In keeping with this dominant sense of danger, the setting of this book is hard to pin down – if anything the "setting" of most of Book 7 is constant movement. Sure, Harry, Ron, and Hermione touch upon a few significant places in their journeys – notably, the infiltration of the Ministry of Magic, Harry's mournful homecoming to Godric's Hollow, and the brief and restful stay at Bill and Fleur's home, Shell Cottage. But, for the most part, the first three-quarters of the book are marked by our trio's never-ending flight.

However, the book, like Harry and Voldemort, comes "home" in the end, to the one place that's central to all of the books – Hogwarts. It's fitting that the book and the series as a whole should end with our hero and our nemesis facing off at Hogwarts; the school is the only real home that both Harry and Voldemort have ever known. And, in a way, since we see things through Harry's eyes, it's the only home in the books that we, his readers, have ever known, too.
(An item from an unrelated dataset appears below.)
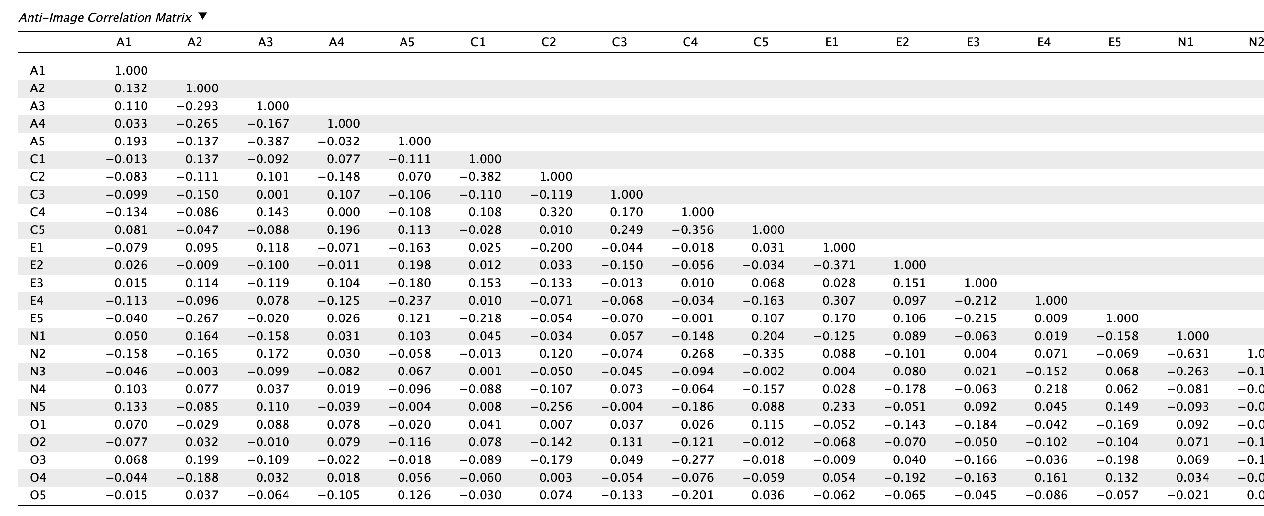 Ez azt jelenti, hogy a mátrix jelenleg nem optimális, mert az itemek között páronként szisztematikus variancia van, amelyeket a főkomponens-elemzésben felállított főkomponensek nem fognak megfelelően lefedni, így például redundáns faktorok/komponensek állhatnak elő. Pszichometriai szempontból érdemes megvizsgálni, hogy például az N1 és N2 tételek nem mérik-e nagyon szűken ugyanazt a jelenséget.

Rowling's novels take us on journeys through many magical, weird, and wonderful places – but, in the end, it's always Hogwarts that remains the beacon of the wizarding world and of Harry himself – a symbol of learning, acceptance, companionship, and loyalty.

One brief note on the chronology – according to author J.K. Rowling, the timeline of the books have them take place in real time in the 1990s, based on when she started writing the book in 1990. The events of Harry Potter and the Deathly Hallows thus fall in 1997 and 1998.